__Activity__:
Quote the lines of the data below verbatim, beginning at the line that contains "另据不完全统计,截至4月30" and ending at the last line, both included, and excluding pictures.

__Records shown__:
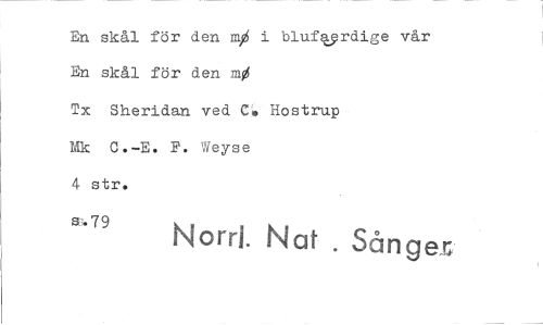 //// En skål för den 4 i blufurdige vår En skål för den m0 //// Tx Sheridan ved C. Hostrup //// Mk 0.-E. F. Weyse 4 str. //// s479 //// Nord. N t . Sången ////
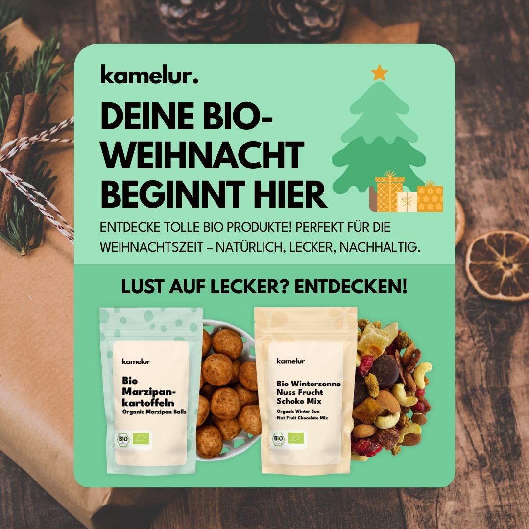 Kamelur’s Organic Christmas World: everything for the holiday season – from basic ingredients to seasonal classics. Many products are filled in-house and come in resealable pouches. Perfect for baking days, cozy evenings, and thoughtful gifts!
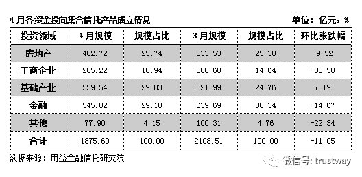 另据不完全统计,截至4月30日,4月共计成立集合信托产品2285款,与上月同时点相比减少6.35%,成立规模1871.27亿元,与上月同时点相比减少12.05%。
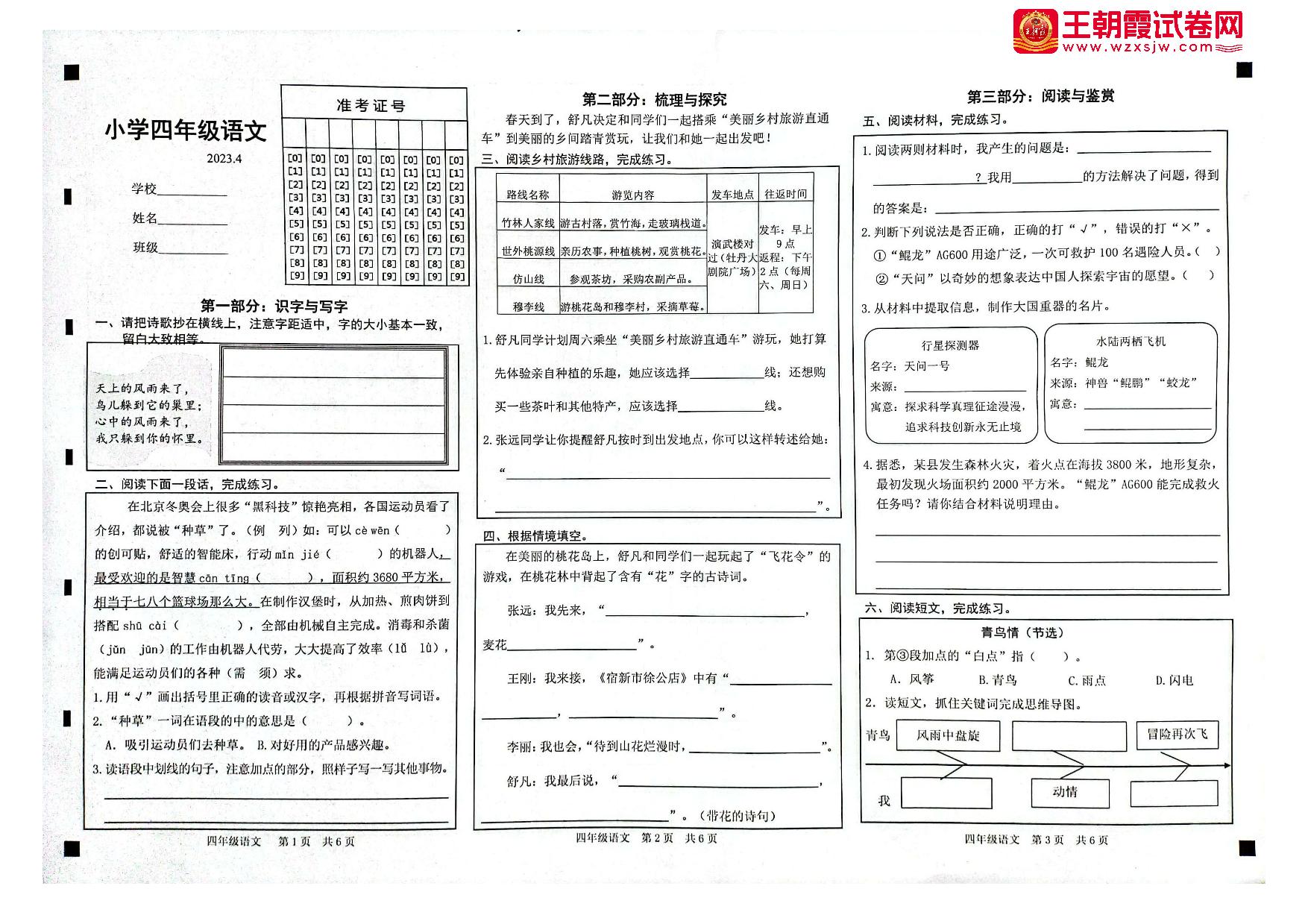 山东省菏泽市牡丹区2022-2023学年下学期4月期中考试四年级语文(人教版)
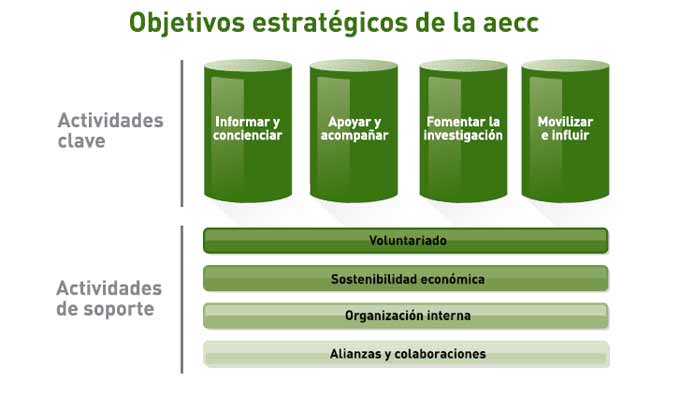 Las líneas de actuación clave de la aecc se apoyan en cuatro líneas de soporte: Voluntariado, sostenibilidad económica, organización interna y alianzas y colaboraciones.
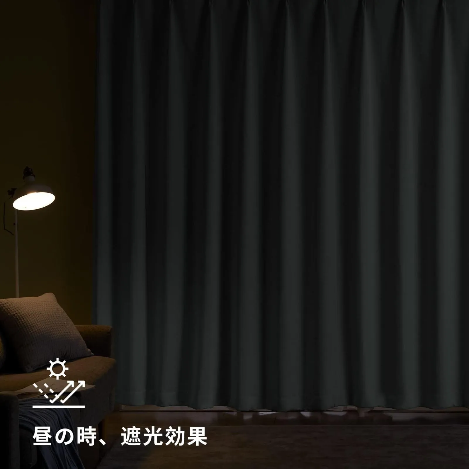 【一級遮光】このカーテンは遮光度が99.99%以上,外からの光をほとんど通さないため、昼間カーテンを閉めたお部屋のなかで相手の顔の表情が分からない程度にまでお部屋を暗くできます。 同じ等級であっても、カーテンの明度や色彩によって遮光の度合いが変わります。 薄い淡い色は光を通しやすく、濃い暗い色は光を通しにくいです。 遮光性を重視される方は濃色をおすすめします。

__Result of this exercise__:
 另据不完全统计,截至4月30日,4月共计成立集合信托产品2285款,与上月同时点相比减少6.35%,成立规模1871.27亿元,与上月同时点相比减少12.05%。
 山东省菏泽市牡丹区2022-2023学年下学期4月期中考试四年级语文(人教版)
 Las líneas de actuación clave de la aecc se apoyan en cuatro líneas de soporte: Voluntariado, sostenibilidad económica, organización interna y alianzas y colaboraciones.
 【一級遮光】このカーテンは遮光度が99.99%以上,外からの光をほとんど通さないため、昼間カーテンを閉めたお部屋のなかで相手の顔の表情が分からない程度にまでお部屋を暗くできます。 同じ等級であっても、カーテンの明度や色彩によって遮光の度合いが変わります。 薄い淡い色は光を通しやすく、濃い暗い色は光を通しにくいです。 遮光性を重視される方は濃色をおすすめします。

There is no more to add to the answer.